Thousands of women throughout the world are given doses of the drug Herceptin -- usually in combination with other drugs -- as a treatment for breast cancer. However, the drug has been linked to severe heart damage and even cardiac failure.

Although medical science wasn't able to explain why the drug damaged otherwise healthy hearts, the FDA approved Herceptin, fully aware of the dangers it posed for female patients.

Recently, a team of researchers has identified the probable reason the cancer drug causes cardiac failure. Its suggested "solution" to the problem?
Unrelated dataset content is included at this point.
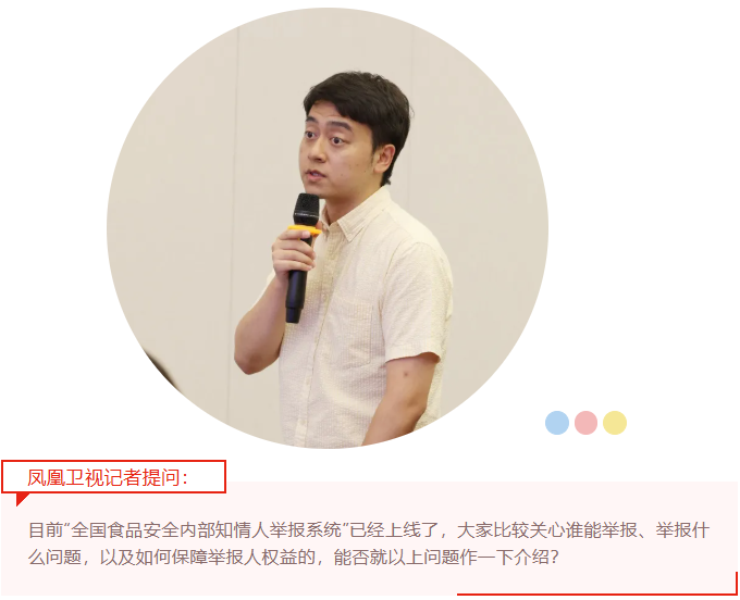 三是“如何保障举报人权益”。为了让知情人敢举报、愿举报,我们采取了以下三项措施:第一,保护举报人的个人信息。系统支持实名、匿名双轨举报,通过技术手段保障信息安全,坚决杜绝隐私泄露,让知情人没有后顾之忧。第二,对举报属实的予以奖励。坚持物质和精神激励相结合,对核实有效的举报,属地市场监管部门将按规定给予奖励,对报告重大风险隐患等突出问题将予以重奖,让“敢说不”的人得到实实在在的正向激励。第三,让举报人实时了解处理进度。依托“全国统一接收、编码、分派”的闭环管理,举报人能实时追踪办理进度,全程掌握举报事项处理动态。

The creation of more drugs.

According to the research report, published in Nature Medicine, Herceptin targets the protein Her2 (for a protein related to human epidermal growth factor receptor), which is produced in excess in some breast cancer cells. The new study indicates that this protein may be needed for proper heart cell function.

"It was possible that Herceptin triggered cardiac malfunction by a number of mechanisms, but now it appears that the drug's direct action on erbB2 is the culprit," said Kuo-Fen Lee, a Salk associate professor and senior author of the study appearing in Nature Medicine.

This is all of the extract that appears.